Une plume stérile qui, absout de toute finesse, ne s'empêche pas de nous lancer à outrance de bons gros clichés par-ci comme un général se suicidant pour échapper à son échec (…), de la frime qui vire au grotesque par là (l'avion capable d'identifier une empreinte digitale à huit kilomètres de sa cible) et des ralentis armageddonièsques comme il devrait être blâmable de nous en faire subir histoire de nous attacher à des héros qui n'ont rien de techniquement humains. A moins de trouver une pilote de chasse body-buildée de 19 ans qui mime une pub Obaho sous une cascade thaïlandaise entre deux exterminations de peuples dont l'oncle Sam se fout éperdument. En revanche il ne se fout pas (directement) de son jeune public et pratiquement vingt ans après Top Gun nous ressort le coup de la propagande du métier d'avenir avec promesse de faire joujou contre des robots, et si l'on est une fille d'être aussi musclée que Rambo pour ramper dans la boue.
Tout un programme…



Même avec la meilleure volonté du monde, il reste très difficile de prendre plaisir devant ce spectacle bien navrant.

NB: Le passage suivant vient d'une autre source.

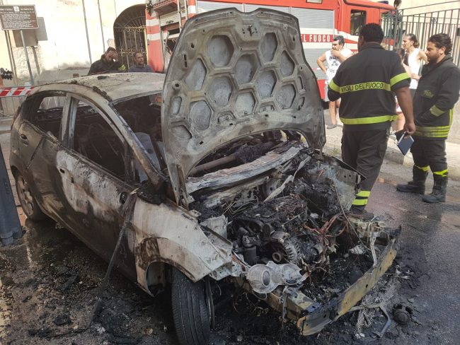 LE FOTO. Auto incenerita dalle fiamme. E’ giallo sulle cause

Non pas que le propos ne soit pas intéressant ou amusant, mais tout simplement parce que cousu de fil de blanc Furtif n'aurait sûrement pas bercé dans l'originalité mais aurait au moins eu le mérite de divertir. En voulant jouer à la girouette, non seulement Rob Cohen nous mène hypocritement en bateau (la bande annonce vire pratiquement dans le mensonge en annonçant le zinc comme décidé à détruire une grande ville américaine), mais brasse du vent inutilement à bases d'idées plus saugrenues les unes que les autres pour combler les 120 minutes imposées. Deux trop longues heures qu'on aurait souhaité ne pas voir passer.